- water to cover
- 1 cup dried lentils
- 1/2 cup wheat germ
- 1 small onion, finely diced
- 1/2 cup finely chopped green bell pepper
- 1/4 cup shredded mozzarella cheese
- 1 egg, beaten
- 1 tablespoon finely chopped green chile pepper
- 1 clove garlic, minced
- salt and ground black pepper to taste
- 1/4 cup vegetable oil, divided
- Pour enough water into a pot that will cover lentils and wheat germ; bring to a boil. Add lentils and wheat germ, reduce heat, and simmer until lentils are tender, adding more water if needed, 20 to 25 minutes. Remove pot from heat and cool slightly; mash lentil mixture until thick and lumpy.

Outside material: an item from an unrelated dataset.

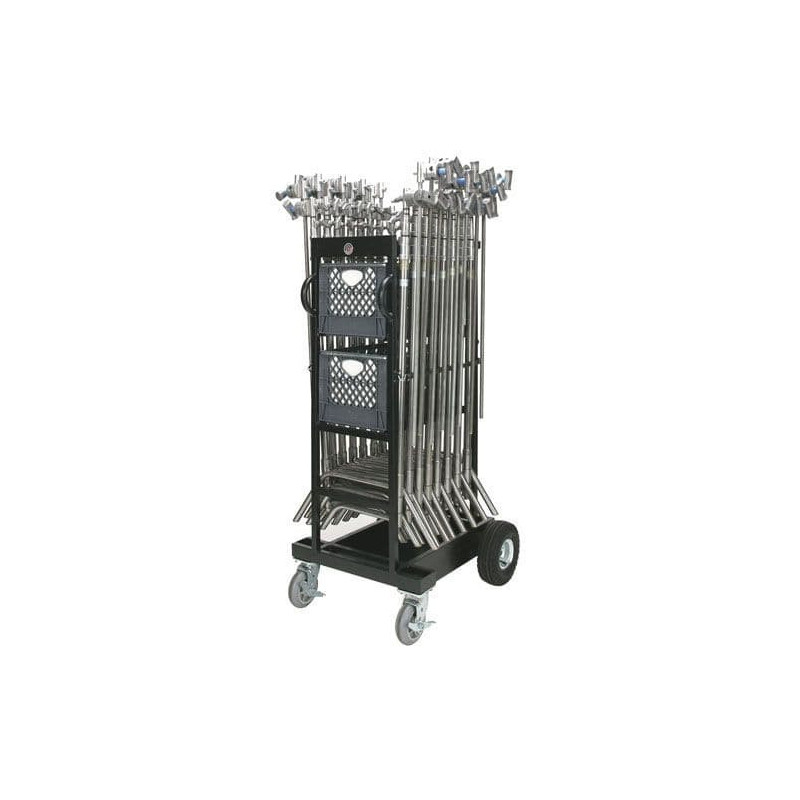 Caractéristiques : Contient (19) C-Stands ; Contient (2) pieds Hi-Roller ou (3) pieds Combo bas (Section arrière) ; Contient (2) pieds Combo ou (2) pieds Combo bas (Section avant) ; Contient (2) caisses à lait ; Boîtes utilitaires intégrées (2) P8 x L13 1/4 x H4 (P20,3cm x L33,7cm x H10,2cm) ; Le plateau inférieur contient des sacs de sable (L19 3/4 x L13 3/4 x H3) (L47,6cm x L34,9cm x H7,6cm) ; Plateau supérieur (26 x L13 3/8) (L66cm x L34cm) ; Frein à main

- Transfer mashed lentil mixture to a bowl. Mix onion, green bell pepper, mozzarella cheese, egg, green chile pepper, garlic, salt, and pepper into lentil mixture until thoroughly mixed; shape into 8 patties.
- Heat about 2 tablespoons vegetable oil in a large skillet over high heat. Lower heat to medium-high and cook 4 patties in the hot oil until golden brown, about 3 minutes per side. Repeat with remaining oil and patties.